The Aardvark Speaks : essence, effervescence, obscurity. Established 2002. A weblog by Horst Prillinger. ISSN 1726-5320


June 15, 2007

Language

Recently in France, I saw a Simpsons DVD box and thought there was something wrong about it without being able to tell what it was.

The Simpsons in French

In the end, I brought it down to something as minor as the missing "s" at the end of "Simpsons", which is not at all incorrect, but simply what would happen if you translated "The Simpsons" into French.

Then briefly afterwards, I realized that the German version of the box would look even stranger, possibly even disturbing, to native speakers of English.

The Simpsons in German

Posted by Horst on June 15, 2007 06:45 PM to creatures great & small | Tell-a-friend
Comments
Jann said on June 16, 2007 07:56 PM:

An interesting point; but then if they look at the second line they should be able to figure it out.

Christian said on June 16, 2007 08:22 PM:

"The Simpsons" did, of course, already play with this possible misinterpretation of the German word "die" in the episode "Cape Feare" when Sideshow Bob, to disprove accussations that it was his intention to kill Bart Simpson, explains that his message "Die Bart Die" was merely a German expression meaning "The Bart, The". A die-hard fan would therefore most certainly be informed about this matter and not misinterpret the dvd box title. ;-)

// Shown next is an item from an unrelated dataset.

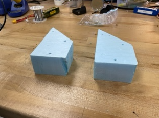 We switched to buoyancy foam, which we found didn’t absorb water by submerging a piece overnight and comparing the new weight against the dry weight. We used a hot wire cutter to slice through the foam to create our pieces since the original block of foam is too thick to cut with scissors. The pieces themselves were also cut slightly larger than the calculated amount so that in case the math was wrong, we could cut them smaller instead of having to cut entirely new floats.

Jann said on June 16, 2007 09:43 PM:

I keep finding out things that make me think I've missed a lot by not being a fan of "The Simpsons."

Horst said on June 17, 2007 02:34 AM:

It's only the word "komplette" that gives it away. The rest of the text on the box is remarkably English for a German edition.

nora said on June 17, 2007 08:20 PM:

so maybe that's why my daughter, on the rare occasions of her speaking german, refuses to use any other article than "das".
and what's the word for tv season anyway? Staffel?

dieter said on June 18, 2007 10:02 AM:

@nora, yes it is. That kind of knowledge, however, rapidly sinks into oblivion. Therefore, as a German native speaker, I am most irritated by the second line, since it implies that you can create German sentences by using German grammar and one single German word (ok, with the article, it is two, but I guess you get my point). The third line is not irritating but simply sad...

Jann said on June 18, 2007 10:17 AM:

I have noticed that since I last studied German in college thirty years ago, there seems to be a discouragingly large number of English words incorporated into the German language. I say "discouragingly" partly because, when I see one of these words, I never know if it's pronounced the way it would be in German or the English way.

Bettina said on June 18, 2007 10:37 AM:

Above all, it's nice you're back. Hope you will continue.

nora said on June 20, 2007 05:43 PM:

we have recently subscribed to dish network, because they have three german stations, one is called prosiebensateinswelt, which says it all. honestly, modern pop cilture german cracks me up. echt!
anyway, they've added germankinoplus, with some real gems like fassbinder movies, oops, films, and 'tatort' on infinite loop. sweet!

Horst said on June 21, 2007 11:29 AM:

Prosiebensateinswelt sounds positively dangerous. So does an infinite "Tatort" loop, although I guess that it would have a somewhat exotic appeal to US viewers.